İstanbul deprem riski, bölgesel gerilimlerin arttığı bir dönemde uluslararası medyanın gündemine yeniden taşınarak zamanlama tartışmalarını tetikledi.
BHA ajansından alınan bilgilere göre, İstanbul için uzun yıllardır uzmanlar tarafından dile getirilen büyük deprem riski, son dönemdeki askeri ve diplomatik gelişmelerin yoğunlaştığı bir süreçte küresel basında yeniden öne çıkarıldı.
Deprem tehlikesi, Marmara Denizi’ndeki olası büyük sarsıntı beklentisi bağlamında yeni bir konu olmamasına rağmen, medyadaki bu yeni yoğunluk kamuoyunda farklı yorumlara yol açtı.
Uzman değerlendirmelerine göre, bazı çevreler bu gelişmenin zamanlamasının dikkat çekici olduğunu belirtirken, sosyal medyada deprem haberlerinin toplumsal psikoloji üzerindeki potansiyel etkisi sorgulanmaya başlandı.
Bu tartışmalar esnasında, bilimsel bir dayanağı olmayan “yapay deprem” iddiaları da yorumlar arasında yer buldu.
İddialara göre bazı yorumcular, operasyon ihtimallerinin olduğu bir dönemde İstanbul’daki deprem riskinin uluslararası kamuoyuna hatırlatılmasının tesadüf olmayabileceği görüşünü dile getirdi.
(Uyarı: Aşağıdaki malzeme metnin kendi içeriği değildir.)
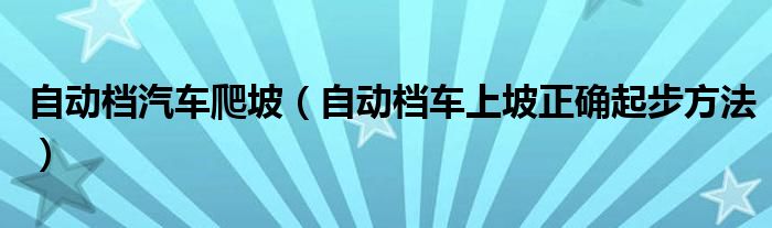 1,自动档车上坡正确起步方法 :1,拉紧手刹。 2,起动车时先用右脚紧踩刹车踏板再起动车,然后把挡位挂1挡或2挡的位置,(有些款车1挡和2挡用拼音标示的,只有高挡用D标示的.不要挂D挡)。 3,松开刹车右脚放到油门踏板上慢慢加油的同时右手慢慢放下手刹。
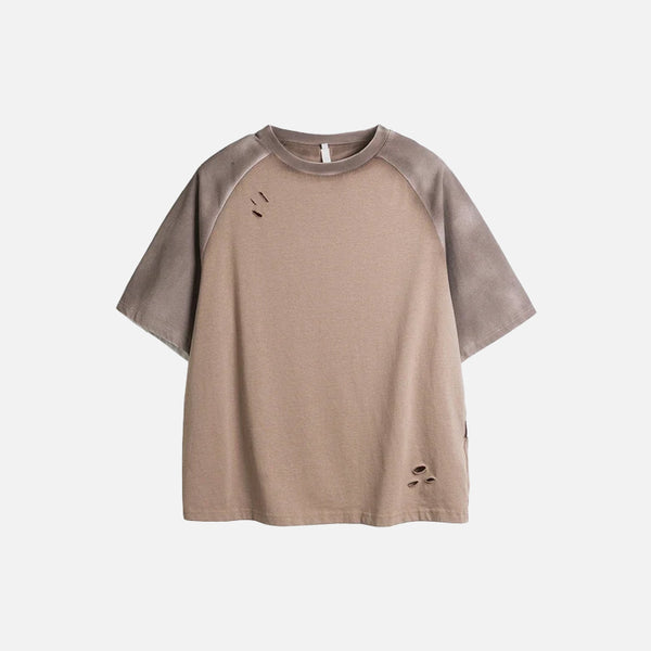 Front view of the coffee Vintage Patched Shoulders T-shirt from DAXUEN
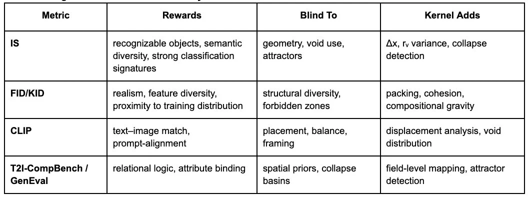 This construct introduces a kernel-based geometric framework for measuring the spatial priors image models default to, using a geometric kernel, Δx (placement offset), rᵥ (void ratio), ρᵣ (packing density), μ (cohesion), xₚ (peripheral pull), a compact field that exposes compositional bias and collapse behavior in image models. This kernel augments existing metrics rather than replacing them: it measures the spatial degrees of freedom a model actually uses, and reveals inductive priors (like Radial Collapse Prior) that semantic metrics cannot detect.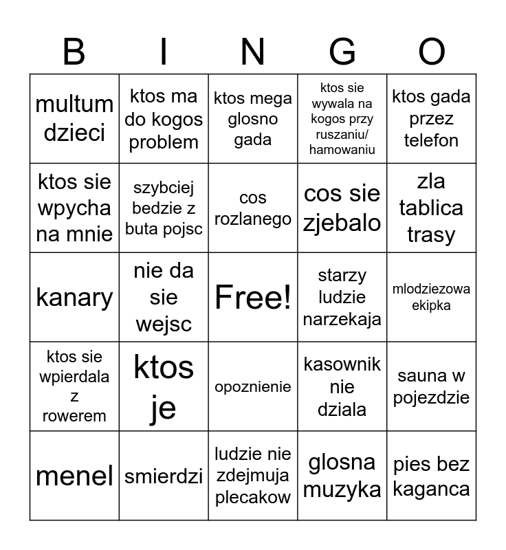 This bingo card has a free space and 24 words: ktos je, smierdzi, cos rozlanego, menel, ktos gada przez telefon, multum dzieci, ktos sie wpycha na mnie, ktos ma do kogos problem, starzy ludzie narzekaja, opoznienie, cos sie zjebalo, kanary, kasownik nie dziala, sauna w pojezdzie, szybciej bedzie z buta pojsc, glosna muzyka, mlodziezowa ekipka, ktos mega glosno gada, zla tablica trasy, nie da sie wejsc, pies bez kaganca, ktos sie wpierdala z rowerem, ktos sie wywala na kogos przy ruszaniu/ hamowaniu and ludzie nie zdejmuja plecakow.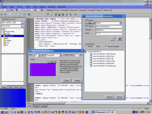 It is a Czech free html editor supporting both code and wysiwyg editing. The main goal of the program is simplicity of use and the highest possible functional comfort.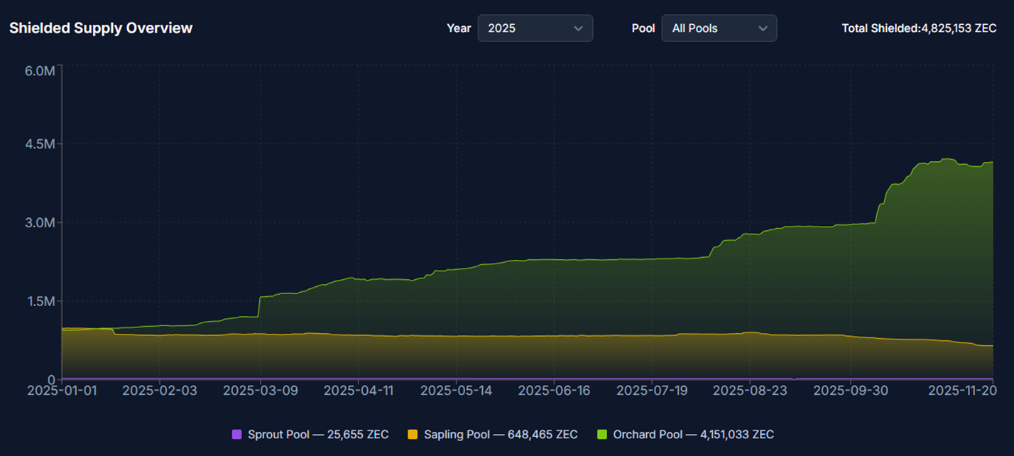 链上数据证实了真实需求的增长。ZEC 屏蔽池余额从今年年初的约不到 200 万枚增长至如今的约 480 万枚,增幅达 140%;屏蔽交易数量也随着网络整体活跃度的提升而有所提升,每周均大约能达到 10%。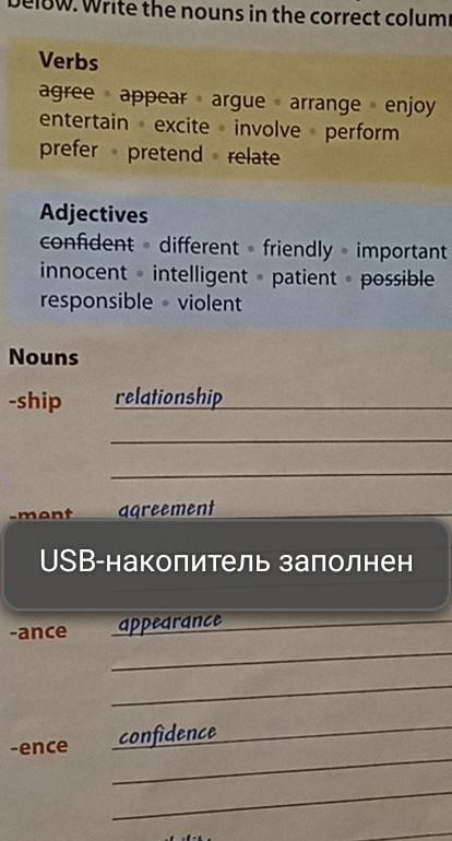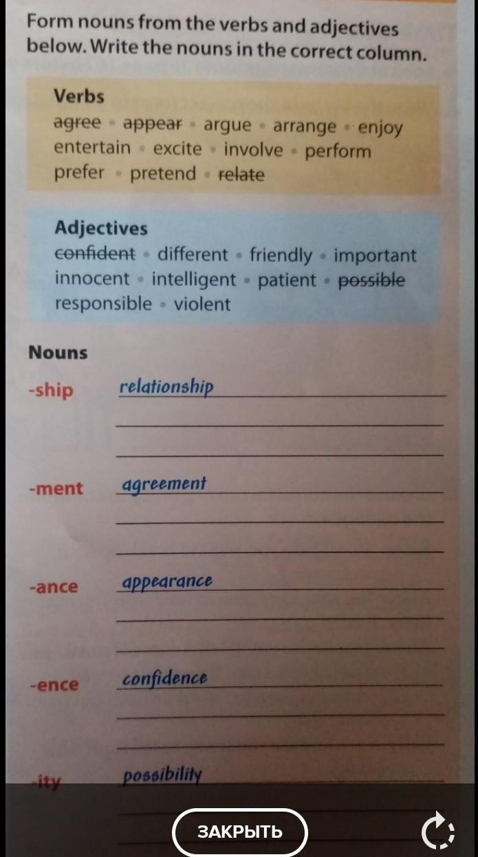 VOCABULARY Form nouns from the verbs and adjectives below. Write the nouns in the correct column.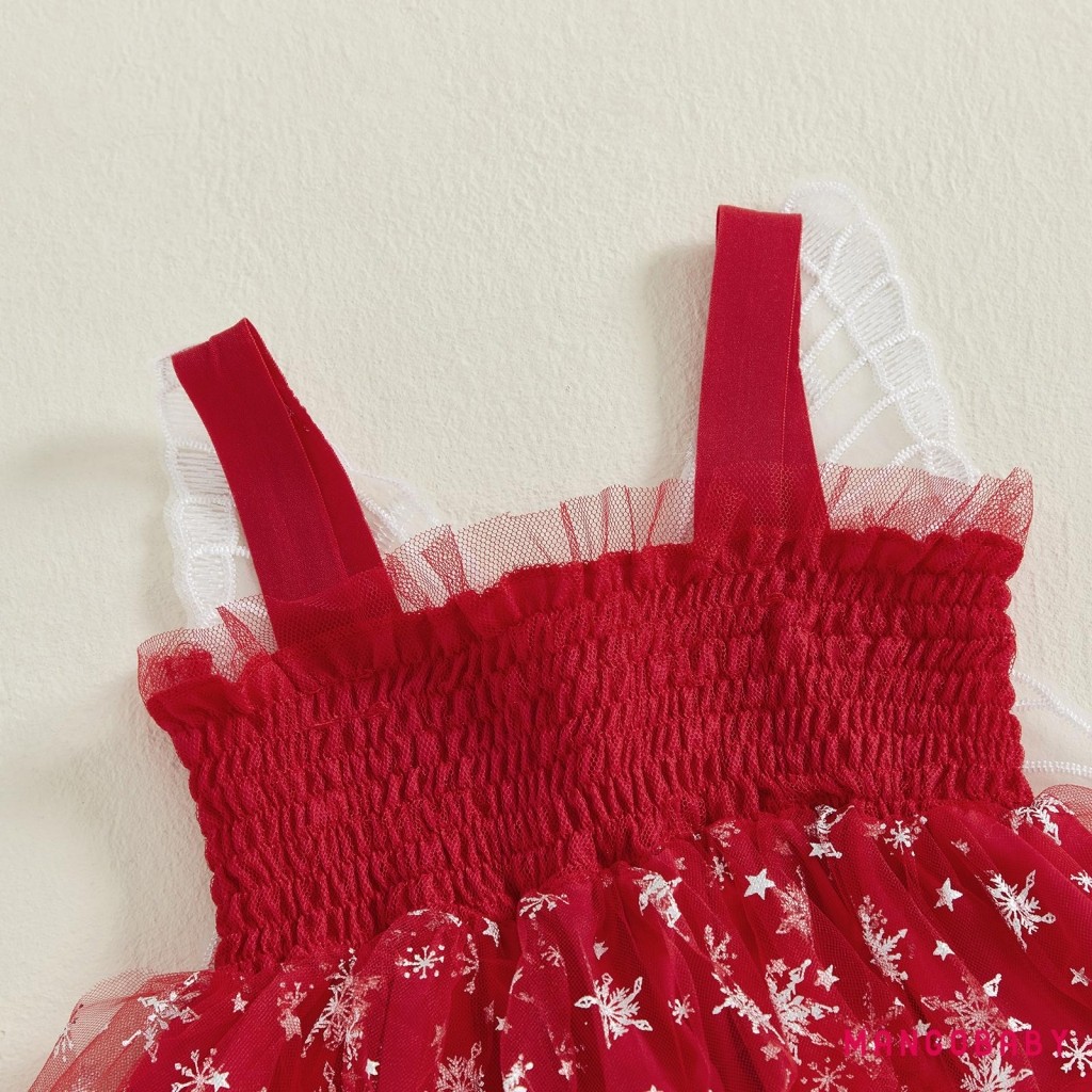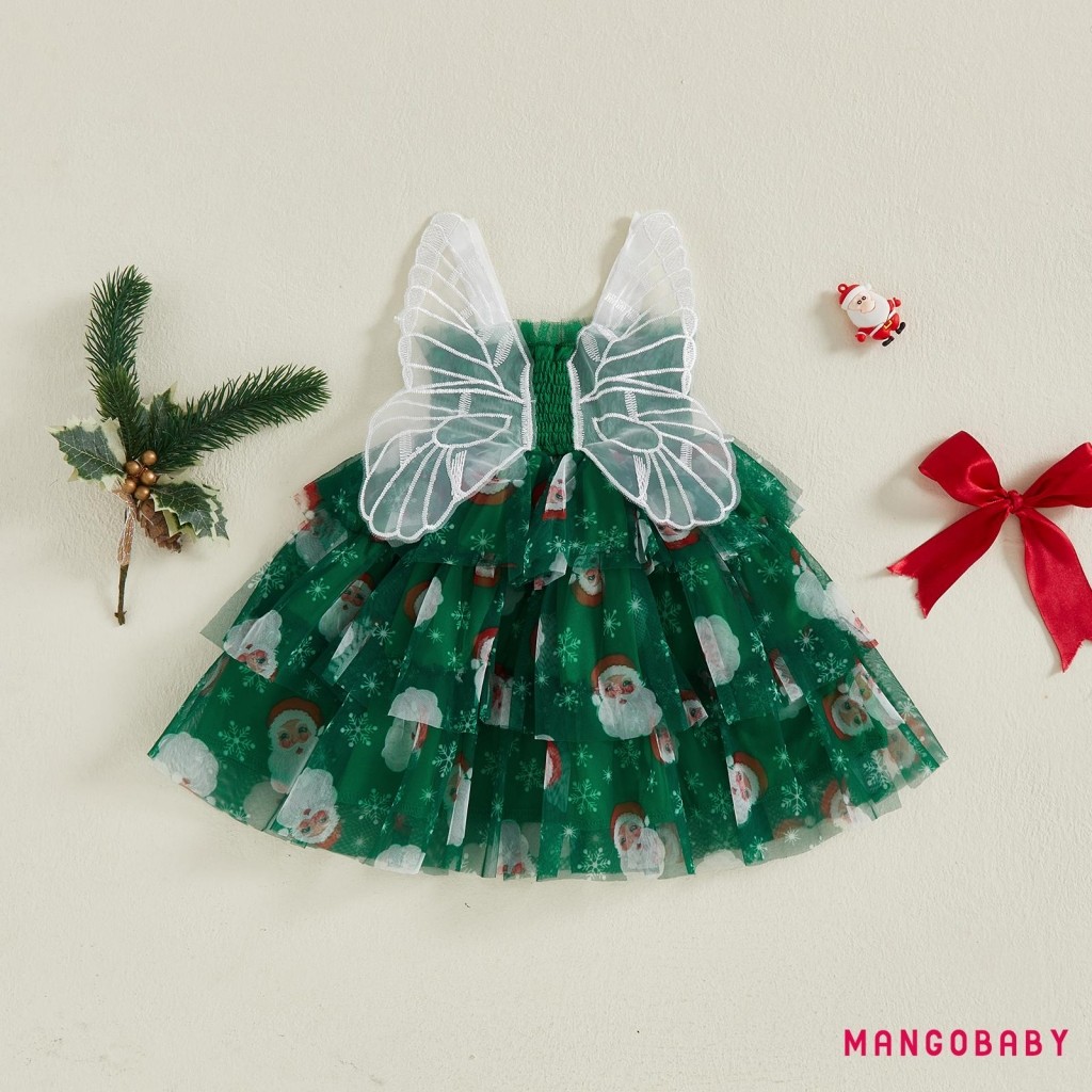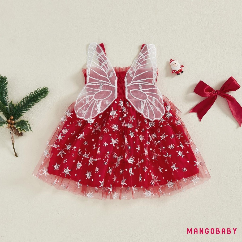 มก-(ลดราคา)เด็กวัยหัดเดินสาวชุดคริสต์มาสเกล็ดหิมะพิมพ์แขนกุด ที พวกคุณ สายชุดเค้กที่มีปีกผีเสื้อ

Ancak uzmanlar, bu tür spekülatif yorumlara temkinli yaklaşılması gerektiğini ifade etti. Bölgesel gerilimler ve eş zamanlı artan deprem manşetleri zamanlama spekülasyonlarını güçlendirirken, deprem gerçeğinin politik gelişmelerden bağımsız olarak bilimsel çerçevede ele alınması gerektiği vurgulandı.